_Task requirements_.
The expected output is every record below, transcribed exactly, with the pictures left out.

(Recorded data)

= = =

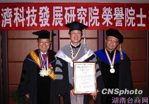 7月23日下午, 中国开发区协会会长刘培强获颁台湾经济科技发展研究院“荣誉院士”头衔,成为首位获此荣誉的大陆人士。图为台湾经研院董事长赵宜民(右)、总院长唐学斌(左)到北京为刘培强(中)举行了授证典礼。 中新社发 路梅 摄
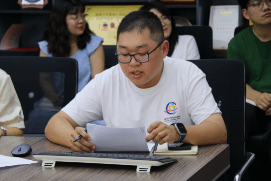 学工办主任刘天代表科室汇报了暑期学生工作情况,并对新学期迎新工作、管理制度建设、学生活动品牌建设等工作进行了详细介绍。
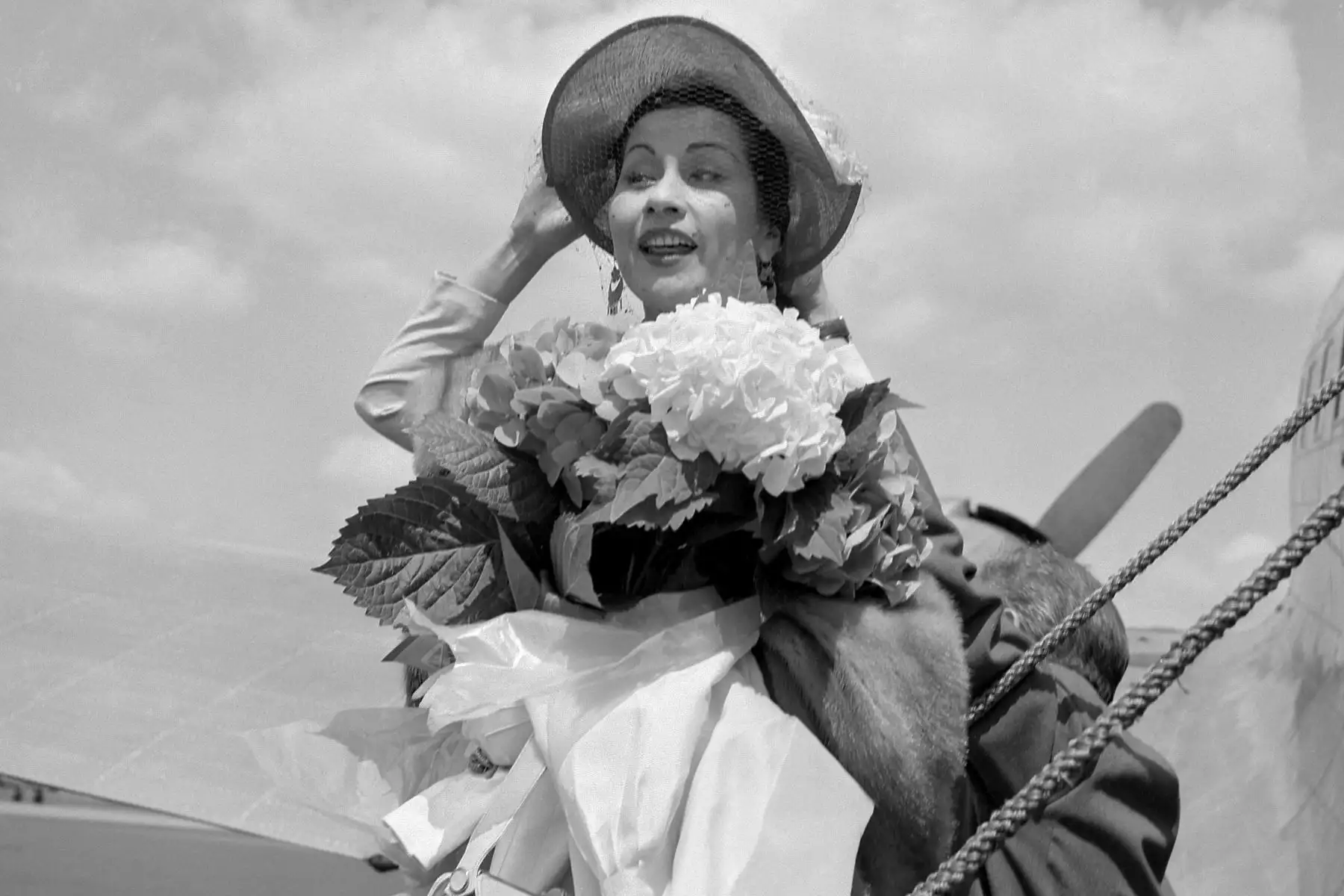 13/09/2022 En esta fotografía de archivo, la soprano peruana Yma Sumac llega al aeropuerto de Le Bourget, cerca de París, el 23 de junio de 1952. Foto: AFP
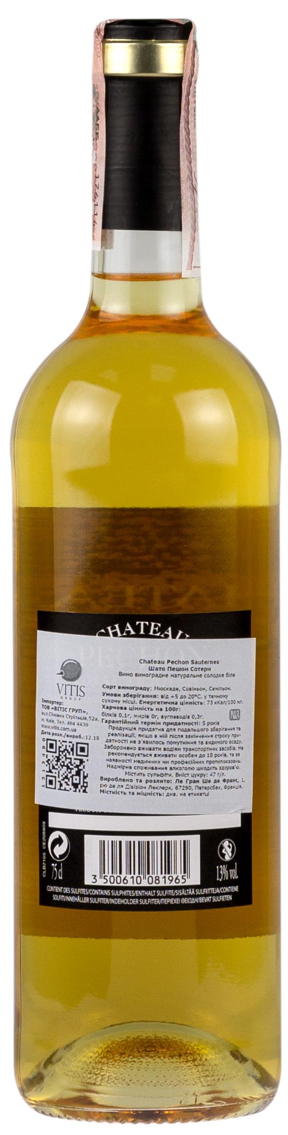 Шато Пешон находится в Сотерне, к востоку от города Бордо. В Сотерн входят 5 муниципалитетов: Барсак, Бомм, Фарг, Преньяк и Сотерн, все они находятся на левом берегу реки Гаронна. Площадь виноградников Сотерна – 2000 га. Всего в регионе 240 производителей. Аппелласьон пересекается с обеих сторон рекой Сирон, что способствует развитию благородной плесени Botrytis на винограде. Эта местность известна своими престижными винами, признанными во всем мире, как Yquem или Climens.
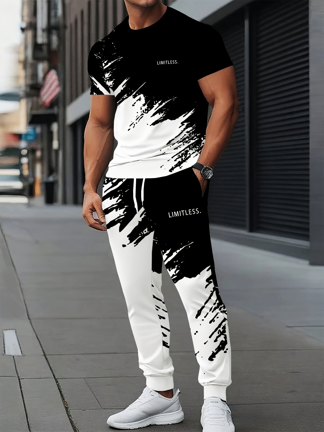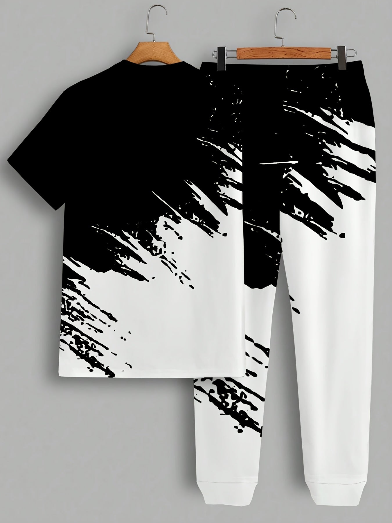 Men's 3D Printed T-Shirt & Drawstring Trousers Set - Casual Style
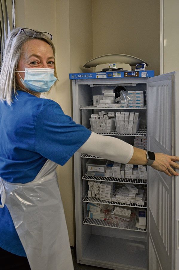 The Pfizer vaccine is normally delivered to designated sites in vials in thermally insulated packaging, but once stored locally at normal temperatures of 2-8C it can have a shelf-life of only three and a half days depending on when it is delivered. Each vial contains the equivalent of five doses, but as Pip Rubbra, Nurse Partner and Nursing Team Manager at Okehampton Medical Centre explained, when vaccinations started on a national basis it was quickly realised that each vial contained sufficient serum for six doses. Once the Pfizer vials are out of the refrigerator, they have to thaw and be made up with saline solution ready for vaccination within two hours, and then used within six hours – and that is when the pressure starts, to ensure that every single dose taken from the refrigerator is used, without any wastage, before it becomes time-expired. Although the AstraZeneca vaccine has a longer shelf life of six months, there is still the urgency to administer as many vaccinations as possible as quickly as possible, hence all vaccination centres. have compiled reserve lists of key workers and additional patients who are either classed as vulnerable or in qualifying cohorts, who can be available at short notice to come in for their vaccination – sometimes with as little as 20 minutes notice, in order to use up every available vaccination to avoid any wastage.
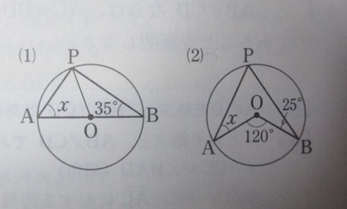 私は数学が苦手です。隣で息子が円周角の問題を解いていまして・・・「これがわからない」と問題を見せます。何とかなるかしらと思って挑戦してみますが・・・わかりません息子も初めはわからなかったようですが・・・私に定理を説明しているうちに理解できたようです。でも私にはよくわかりません。で息子は私に何とかわからせようと色々努力しまして・・・わかりました~あ~スッキリ人に教えるのって自分の理解が深まるんですよね入試まであと2カ月弱。この調子で大丈夫なのか、と息子が言いますがさぼっていたんだからしょうがないですよねでもわかった時の嬉しさは何とも言えない快感です。今頃ですがやらないよりはマシです一緒に問題と格闘することにしましょう。息子は「あ~疲れた!」と言ってましたが私は楽しかったです。暢気すぎな母でしたではおやすみなさいちなみに円周角の問題ってこんな感じです^m^Xの角度を求めます。にほんブログ村応援ポチよろしかったらお願いいたします。(1人1日1回有効です)
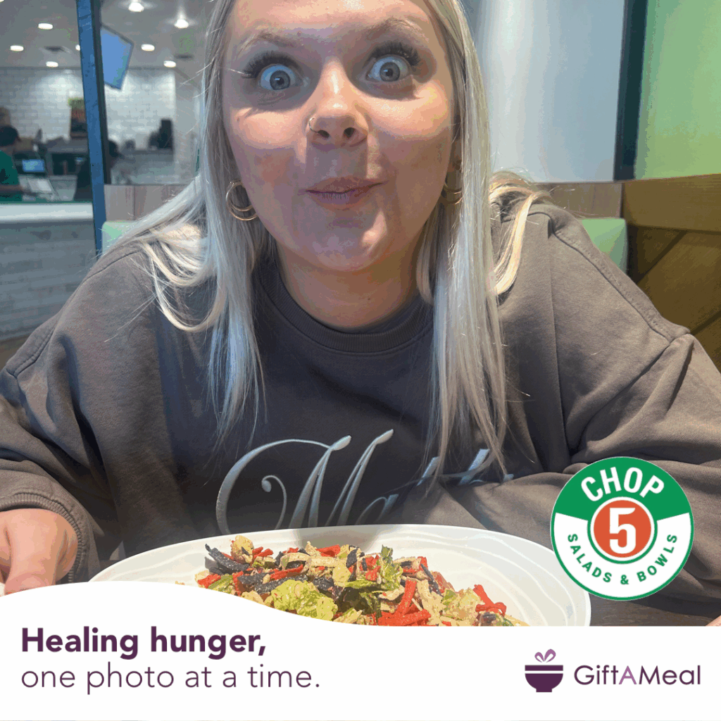 Take photos on the free GiftAMeal app and we’ll donate to the Mid-Ohio Foodbank whenever you eat at one of our restaurants. Share with friends and watch your impact grow.
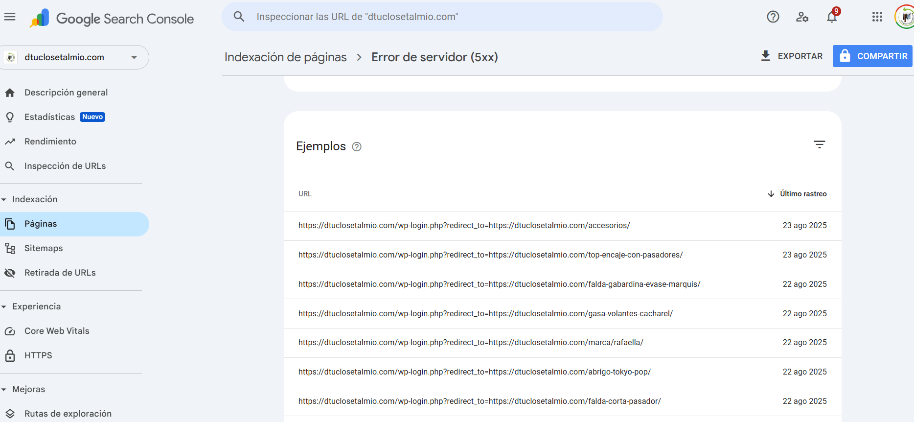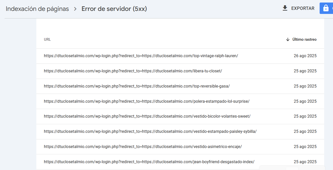 Al indexar mi sitio web varias aparecen más de 200 páginas sin indexar con error de servidor 5xx, según Search Console. Adjunto reporte. En Soporte de webempresa me indican que el problema puede estar relacionado con cómo realiza estas peticiones Google porque son siempre peticiones al wp-login.php de WordPress que se redirigen a otro apartado de la web. Indican que esta consulta está relacionada con el funcionamiento de mi página web y sus plugins, no con el alojamiento y que este tipo de consultas se gestionan desde el foro.
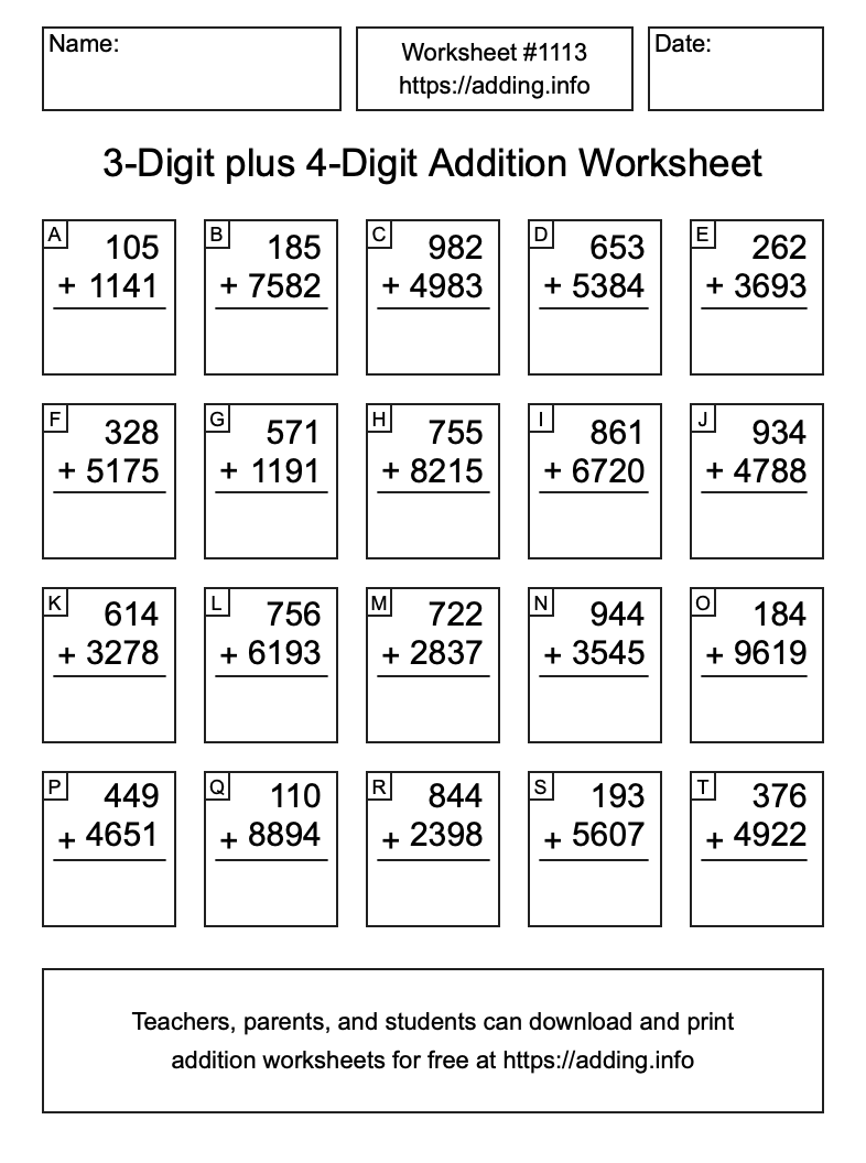Here is the 3-Digit plus 4-Digit Addition Worksheet #1113. Print and/or save the worksheet using the buttons below the image. You can also drag or right-click on the image to download it to your device.
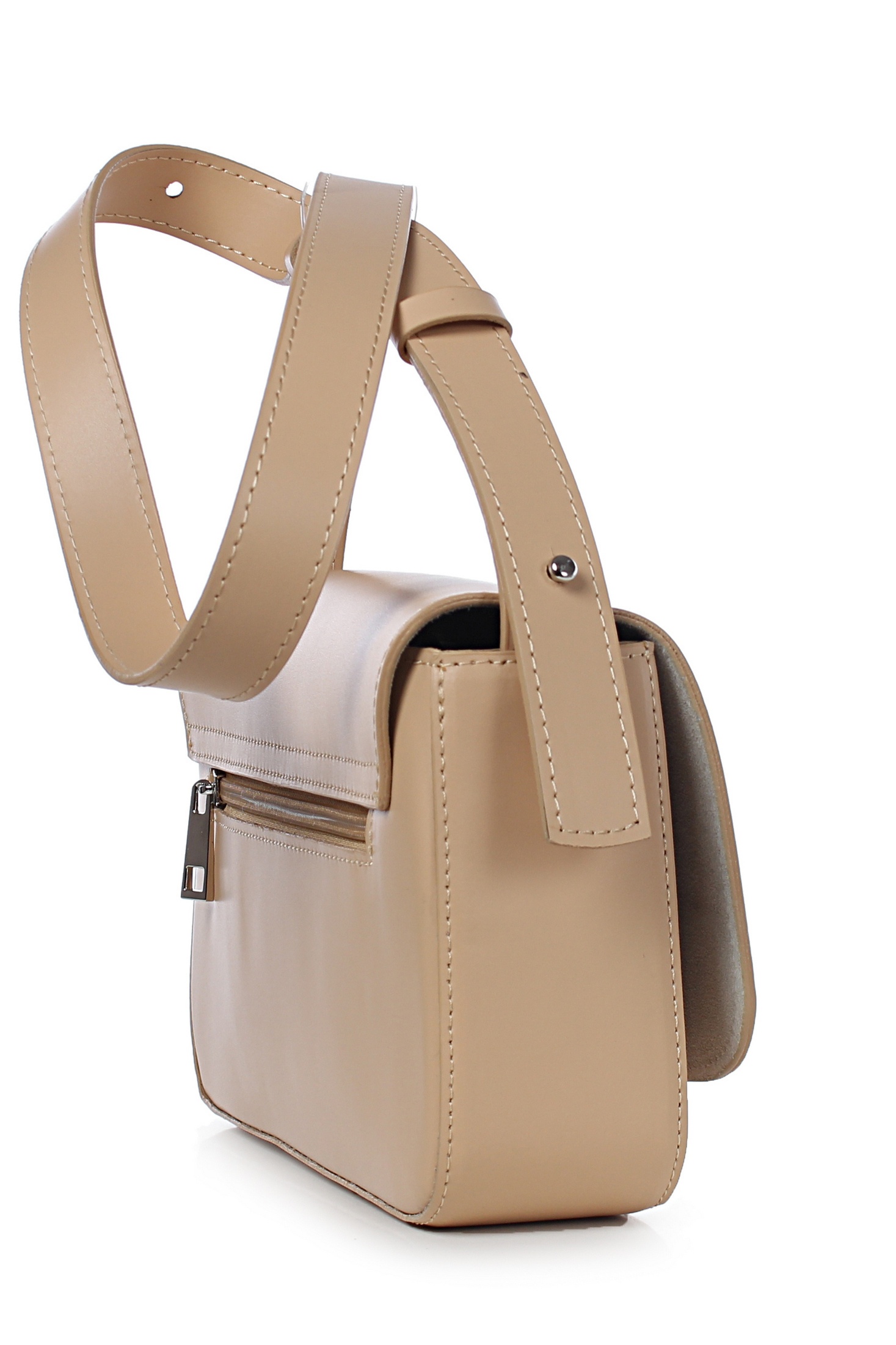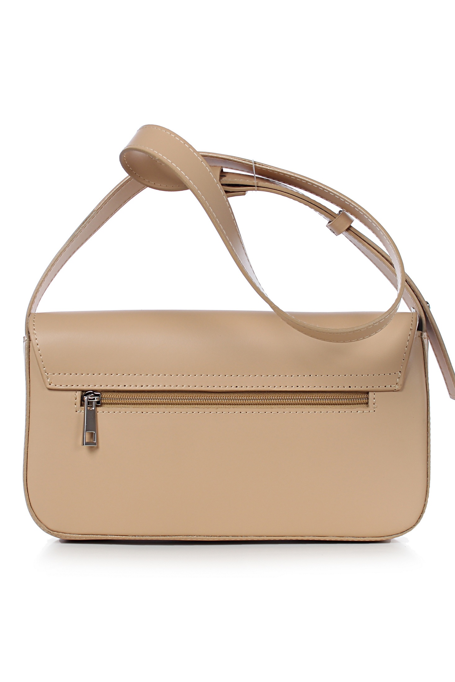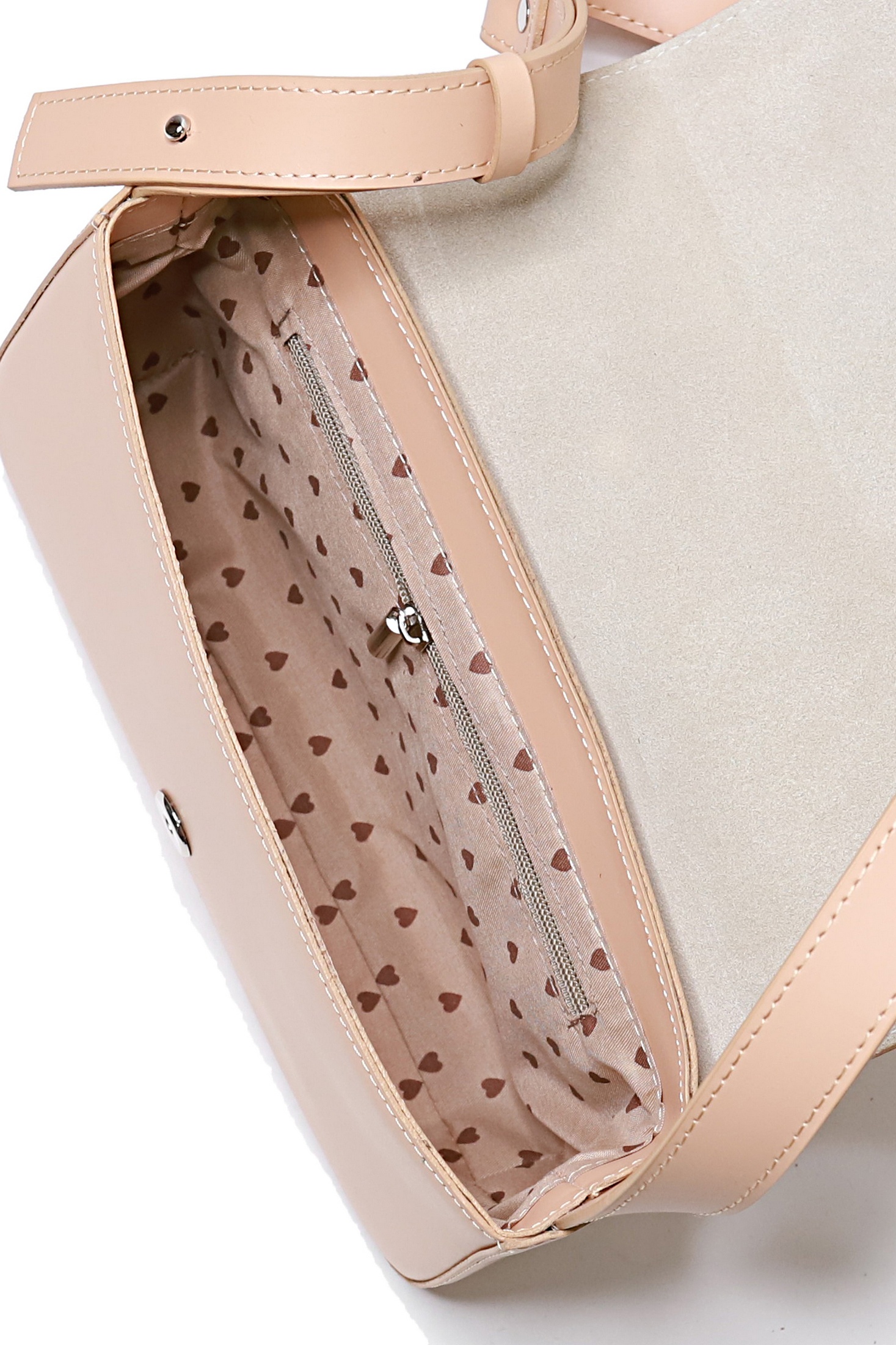 Сумка на одно отделение, закрывающееся клапаном на замок-магнитку, с ручкой-ремнем максимальной длины 1040+-10 мм, с карманом на задней стенке, закрывающимся на застежку-молнию. Цвет фурнитуры - никель. Сумка на подкладке, с открытым карманом с украшением, с подвесным карманом, закрывающимся на застежку-молнию.

= = =

_Completed task_.
 7月23日下午, 中国开发区协会会长刘培强获颁台湾经济科技发展研究院“荣誉院士”头衔,成为首位获此荣誉的大陆人士。图为台湾经研院董事长赵宜民(右)、总院长唐学斌(左)到北京为刘培强(中)举行了授证典礼。 中新社发 路梅 摄
 学工办主任刘天代表科室汇报了暑期学生工作情况,并对新学期迎新工作、管理制度建设、学生活动品牌建设等工作进行了详细介绍。
 13/09/2022 En esta fotografía de archivo, la soprano peruana Yma Sumac llega al aeropuerto de Le Bourget, cerca de París, el 23 de junio de 1952. Foto: AFP
 Шато Пешон находится в Сотерне, к востоку от города Бордо. В Сотерн входят 5 муниципалитетов: Барсак, Бомм, Фарг, Преньяк и Сотерн, все они находятся на левом берегу реки Гаронна. Площадь виноградников Сотерна – 2000 га. Всего в регионе 240 производителей. Аппелласьон пересекается с обеих сторон рекой Сирон, что способствует развитию благородной плесени Botrytis на винограде. Эта местность известна своими престижными винами, признанными во всем мире, как Yquem или Climens.
 Men's 3D Printed T-Shirt & Drawstring Trousers Set - Casual Style
 The Pfizer vaccine is normally delivered to designated sites in vials in thermally insulated packaging, but once stored locally at normal temperatures of 2-8C it can have a shelf-life of only three and a half days depending on when it is delivered. Each vial contains the equivalent of five doses, but as Pip Rubbra, Nurse Partner and Nursing Team Manager at Okehampton Medical Centre explained, when vaccinations started on a national basis it was quickly realised that each vial contained sufficient serum for six doses. Once the Pfizer vials are out of the refrigerator, they have to thaw and be made up with saline solution ready for vaccination within two hours, and then used within six hours – and that is when the pressure starts, to ensure that every single dose taken from the refrigerator is used, without any wastage, before it becomes time-expired. Although the AstraZeneca vaccine has a longer shelf life of six months, there is still the urgency to administer as many vaccinations as possible as quickly as possible, hence all vaccination centres. have compiled reserve lists of key workers and additional patients who are either classed as vulnerable or in qualifying cohorts, who can be available at short notice to come in for their vaccination – sometimes with as little as 20 minutes notice, in order to use up every available vaccination to avoid any wastage.
 私は数学が苦手です。隣で息子が円周角の問題を解いていまして・・・「これがわからない」と問題を見せます。何とかなるかしらと思って挑戦してみますが・・・わかりません息子も初めはわからなかったようですが・・・私に定理を説明しているうちに理解できたようです。でも私にはよくわかりません。で息子は私に何とかわからせようと色々努力しまして・・・わかりました~あ~スッキリ人に教えるのって自分の理解が深まるんですよね入試まであと2カ月弱。この調子で大丈夫なのか、と息子が言いますがさぼっていたんだからしょうがないですよねでもわかった時の嬉しさは何とも言えない快感です。今頃ですがやらないよりはマシです一緒に問題と格闘することにしましょう。息子は「あ~疲れた!」と言ってましたが私は楽しかったです。暢気すぎな母でしたではおやすみなさいちなみに円周角の問題ってこんな感じです^m^Xの角度を求めます。にほんブログ村応援ポチよろしかったらお願いいたします。(1人1日1回有効です)
 Take photos on the free GiftAMeal app and we’ll donate to the Mid-Ohio Foodbank whenever you eat at one of our restaurants. Share with friends and watch your impact grow.
 Al indexar mi sitio web varias aparecen más de 200 páginas sin indexar con error de servidor 5xx, según Search Console. Adjunto reporte. En Soporte de webempresa me indican que el problema puede estar relacionado con cómo realiza estas peticiones Google porque son siempre peticiones al wp-login.php de WordPress que se redirigen a otro apartado de la web. Indican que esta consulta está relacionada con el funcionamiento de mi página web y sus plugins, no con el alojamiento y que este tipo de consultas se gestionan desde el foro.
Here is the 3-Digit plus 4-Digit Addition Worksheet #1113. Print and/or save the worksheet using the buttons below the image. You can also drag or right-click on the image to download it to your device.
 Сумка на одно отделение, закрывающееся клапаном на замок-магнитку, с ручкой-ремнем максимальной длины 1040+-10 мм, с карманом на задней стенке, закрывающимся на застежку-молнию. Цвет фурнитуры - никель. Сумка на подкладке, с открытым карманом с украшением, с подвесным карманом, закрывающимся на застежку-молнию.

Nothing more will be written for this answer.